For a long time, the only man who played in Spain and mattered in the Champions League was Raul.
Indeed, he was described by Pep Guardiola, no less, as “the most important player in Spanish football history”, but has perhaps been left behind a little, or at least overshadowed by the goalscoring feats of Cristiano Ronaldo and Leo Messi.
“He has been, because Ronaldo and Messi for six or seven seasons averaged a goal per game,” said Alvaro Romeo on this Thursday’s edition of the Totally Football Show. “Raul’s average was around 0.41, which was astonishing at the time. Also when he started playing, scorelines weren’t that high, and the difference between Barcelona and Real Madrid and the rest of the teams wasn’t as big, so it wasn’t as easy to score goals.”
We looked back on the Champions League of 1995/96 on this week’s show, which was the season that a young Raul really came to prominence. He scored a hat-trick aged just 18 years and 114 days, in the group stage against Ferencvaros, making him still the youngest player to score a Champions League treble, and helped introduce Real back onto the big European stage after a long time away.
“They were suffering in Spain because Johan Cruyff’s Barcelona had won four titles in a row, so Real Madrid was absent from the Champions League for five years,” said Alvaro.
“This was their return to the competition: they came second in their group behind Ajax, and there was probably not a display of quality by a foreign team in Madrid like Ajax did in 1995. To the point that every former Real player, and all the newspapers, understood that Ajax was at a different evolutive level to Real.
“But at the same time Real were getting to grips with what playing in the Champions League was like, and a certain player called Raul broke into the Champions League as a star.
“He scored six goals in that campaign, still 18-years-old, and proved from the beginning that he could be Real Madrid’s star for the next decade.
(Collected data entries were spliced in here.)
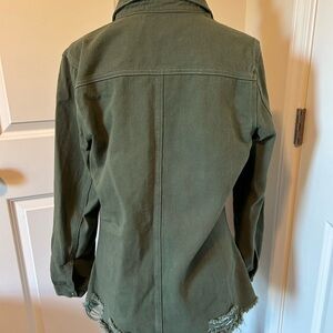 Army green denim, distressed, button-down jacket with collar
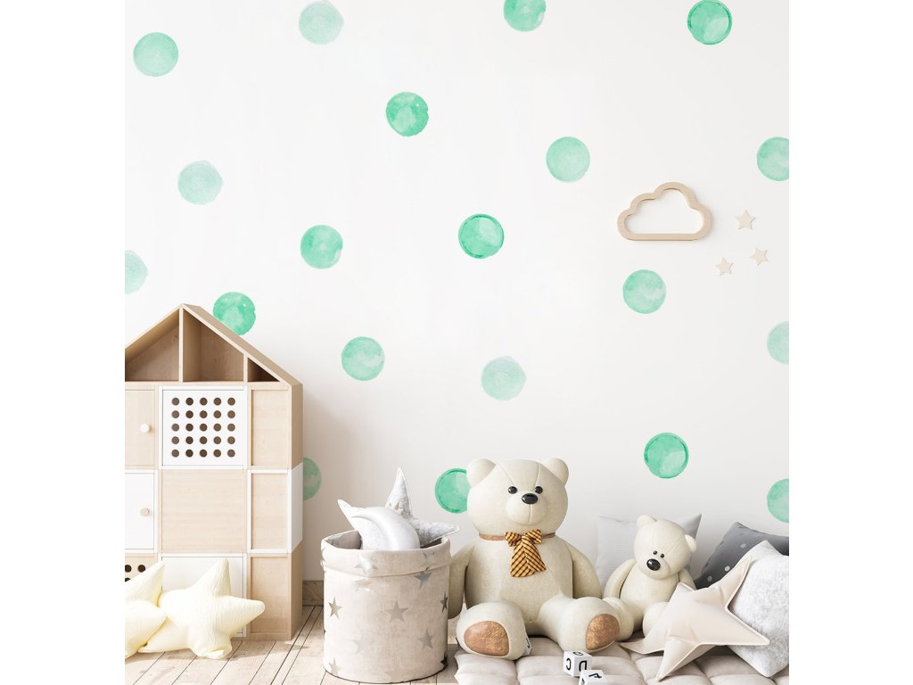Bodky na stenu. Akvarelové bodky, zelene bodky na stenu
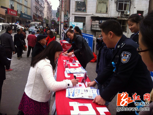红网古丈站11月18日讯(通讯员 杨贞凤 张超兰)11月15日,古丈禁毒巾帼志愿队正式成立。该县禁毒委员会、公安、妇联等部门联合新成立的禁毒巾帼志愿队,通过方阵游行、上街宣传、发放禁毒宣传资料、万人签名等群众喜闻乐见的方式,开展了以“携手禁毒,构建和谐古丈”为主题的禁毒集中宣传活动。活动进一步增强了群众远离毒品、拒绝毒品的意识,在该县掀起了全民禁毒热潮,营造了浓厚的禁毒氛围。
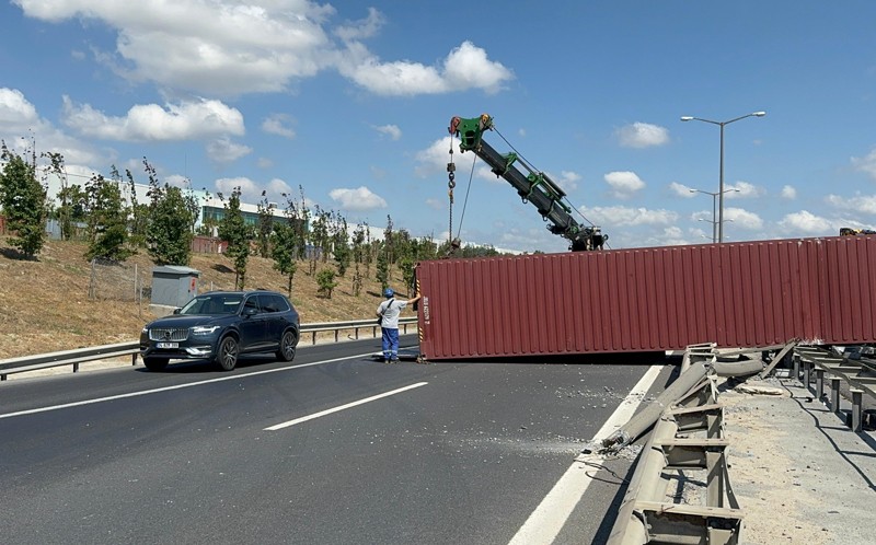 TEM Otoyolu'nda Edirne istikametine seyir halinde olan tır, Çatalca mevkisinde sürücüsünün direksiyon hakimiyetini kaybetmesi üzerine kontrolden çıktı. Refüjdeki bariyere çarparek devrilen aracın bir kısmı karşı yöndeki bir şeridi kapattı.
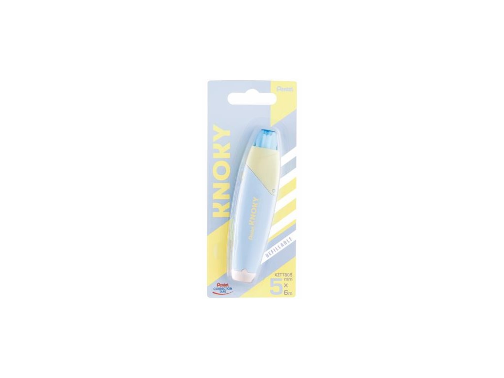 Korekčný roller, 5 mm x 6 m, naplniteľný, PENTEL "Knoky", modrý-žltý
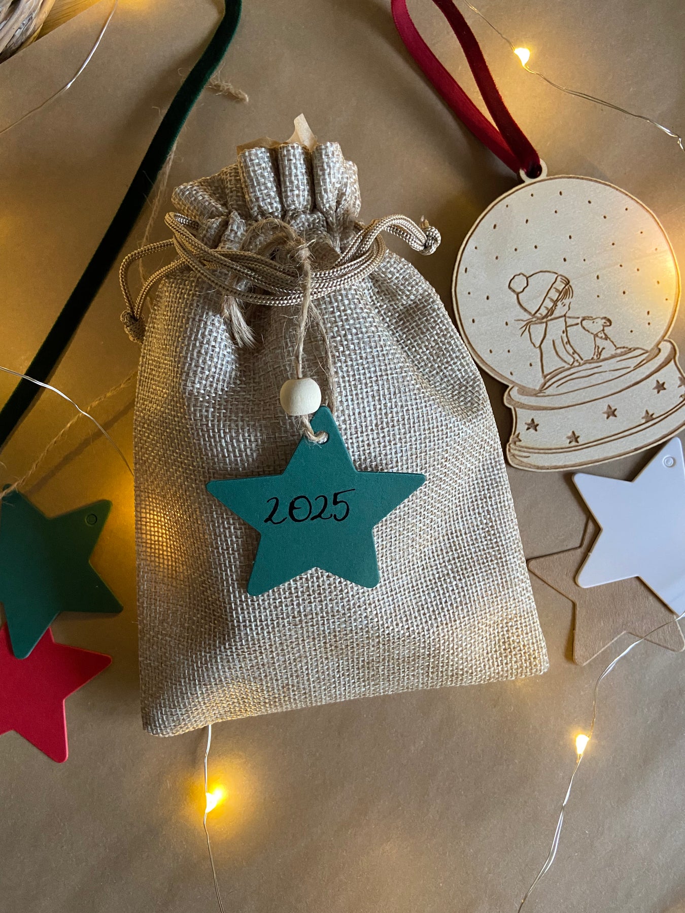 Complete with hand-tied red or green velvet ribbon, and packaged in a drawstring hessian gift bag, with a star gift tag, and "2025" handwritten by Deborah with a dip-pen.
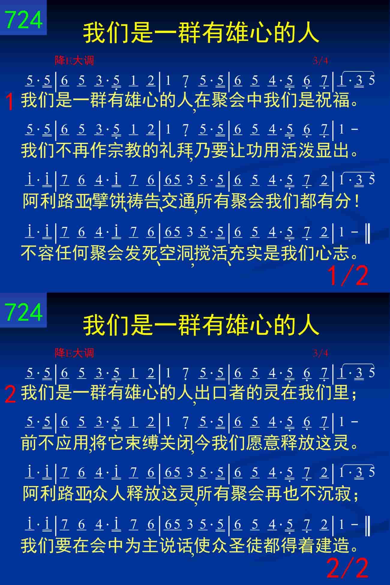 我们是一群有雄心的人,出口者的灵在我们里;前不应用,将它束缚关闭,今我们愿意释放这灵。阿利路亚!众人释放这灵,所有聚会再也不沉寂;我们要在会中为主说话,使众圣徒都得着建造。
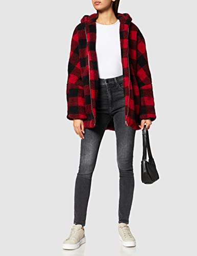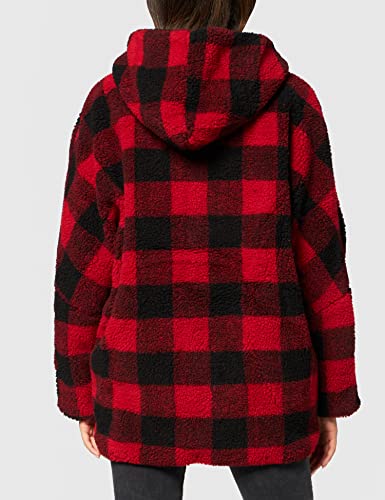 Urban Classics Ladies Hooded Oversized Check Sherpa Jacket Giacca, Multicolore (Firered/Blk 01440), XX-Large Donna
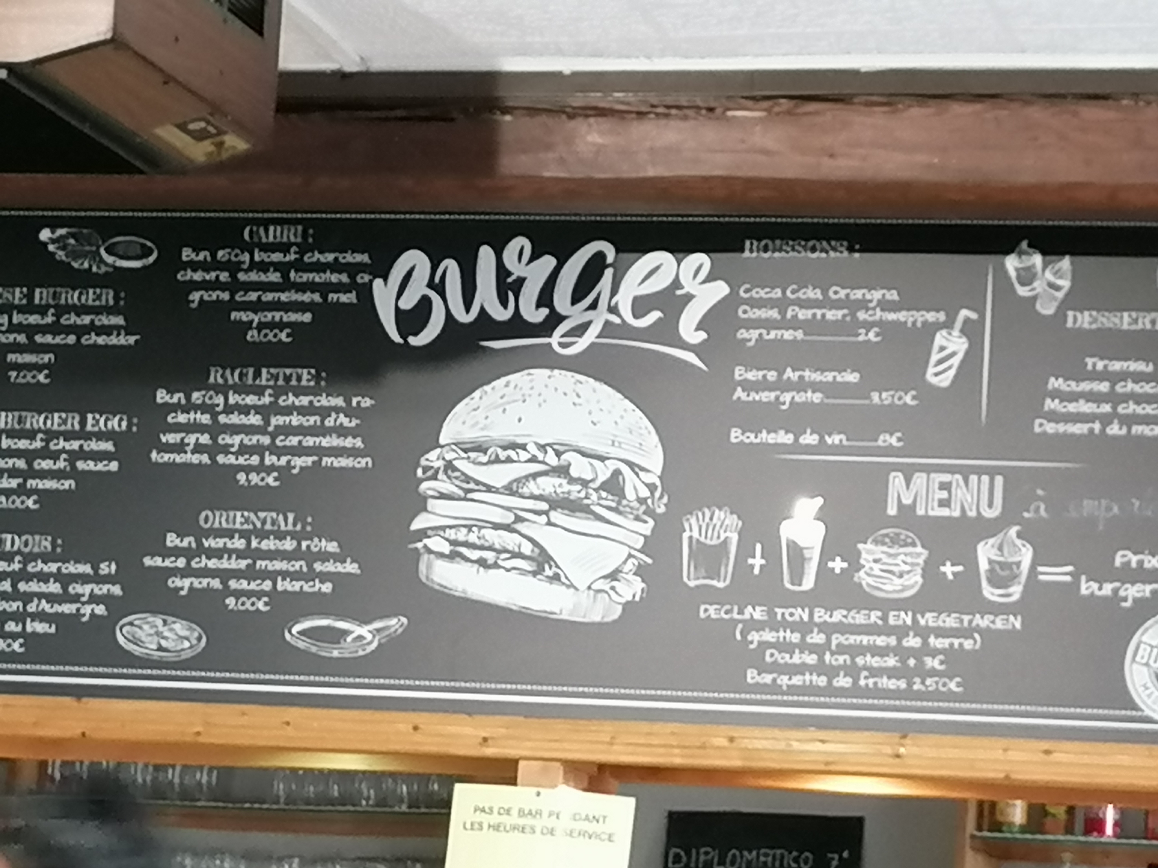 L' hamburger coudois avec soit disant 3 fromages auvergnat (cantal,bleue ,st nectaire)à 9 euros (+2 euros sur table )avec du pain hamburger premier prix, deux steaks surgelés trop cuits,les trois fromages on les cherche encore!!! Les frites étaient froides et trop cuites( soit disant maison). Conclusion :à ce prix là c'est du vol!!!
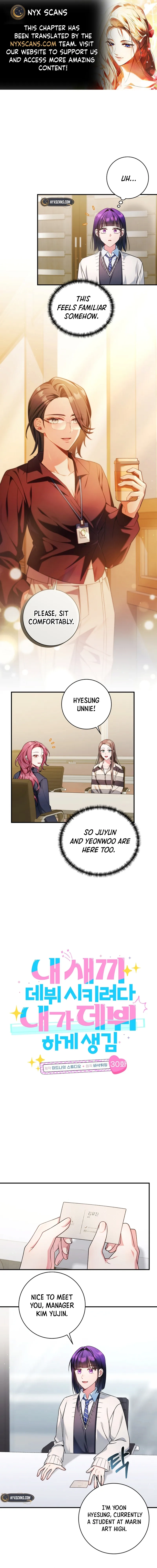 I Tried to Debut My Kid, But Ended Up Debuting Myself Chapter 30 includes 15 comic pages in the main reading order. Published October 8, 2025 and updated March 16, 2026.

That team wasn’t the ‘Hollywood’ team they are now, and he basically took the reins from a very young age.
“Raul has always been there, and he was the catalyst for Real Madrid to win a few Champions Leagues, in 1998, 2000 and 2002. That season [95/96] for Raul was one where he matured: he fell out with the manager, Arsenio Iglesias, so much that the club had to fine him €6,000, and he also started doing too many adverts and the club had to warn him that wasn’t acceptable and he had to focus on football.”